Pakistan’s Pakhtun tribal population, the overwhelming majority, is committed to Pakistan, not because Pakhtuns sway to the sound of Iqbal’s poetry but because their economic interests are tied to Pakistan. But where the TTP holds sway they are sunk into a sullen and apathetic silence because they have lost faith in the ability of the Pakistani state to protect them and fight the Taliban. If the army really bares its fangs it can be assured of the support of the tribal people. But who will give that vitamin shot to the state and the army?
Under Gen Kayani the Pakistan Army perpetuated one of the great hoaxes of our time when it led most people to believe that because of tough terrain it was difficult going into North Waziristan. The tough terrain is in South Waziristan, not the north which is relatively flat.
Now look at the comedy which has been going on in Miranshah, the principal town of North Waziristan. There we have an army div hqs, the FC hqs and close by an establishment of the famous Haqqanis. Hakeemullah Mehsud’s house where the drone got him is hardly 4-5 kilometres from the div hqs. The villages where live our Uzbek, Chechen, and Arab friends are not far away. All this is common knowledge there. An operation could have been undertaken, had the will been there, long ago. But the nation has been fed the tale of North Waziristan’s near-impregnability.
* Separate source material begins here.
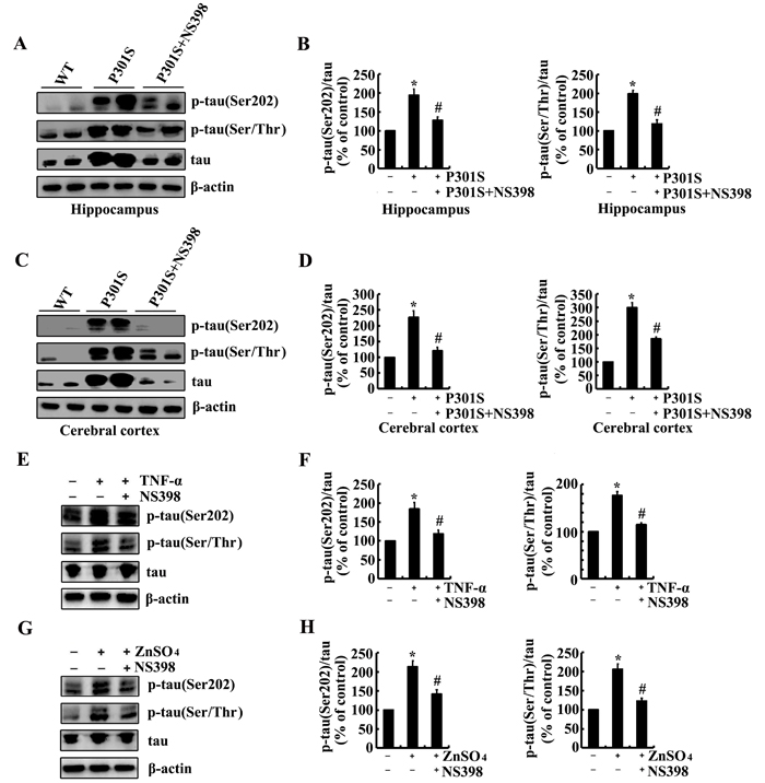 As the potential roles of Zn2+ and TNF-α in inducing the phosphorylation of tau via upregulating the expression of COX-2, it is necessary to verify if COX-2 mediates the effects of Zn2+ and TNF-α on stimulating the phosphorylation of tau. As a first step, experiments were carried out to inject (i.c.v) into the ventricles of 6-month-old TauP301S Tg mice. The results demonstrated that NS398, a COX-2 inhibitors (1 µg/5 µl) treatment clearly decreased the phosphorylation of tau at the sites of both Ser 202 and Ser 400/Thr 403/Ser 404 in the hippocampus and cerebral cortex of TauP301S Tg mice (Figure 5A-5D). In addition, NS398 (100 µM) treatment blocked the effects of TNF-α (10 ng/ml) and ZnSO4 (10 µM) on stimulating the phosphorylation of tau at the sites of Ser 202 and Ser 400/Thr 403/Ser 404 in n2a cells (Figure 5E-5H). Therefore, it is clear that Zn2+ and TNF-α regulate the phosphorylation of tau via COX-2 activation.

Where does fiction end and reality begin?
Meanwhile comes news of the attack on the Islamabad courts. And as I switched on the TV there was every channel in the land going on and on about the TTP spokesman Shahidullah Shahid saying the TTP had nothing to do with this attack. He’s right. This is another Indo-Zionist-CIA conspiracy to sabotage the peace talks.
Trust the TTP’s media apologists, and there is no shortage of this clan here, to plug this line and urge the government to remain steadfast to the peace process – a phenomenon visible through special goggles only to the TTP apologists and the Chamberlainites of the interior ministry.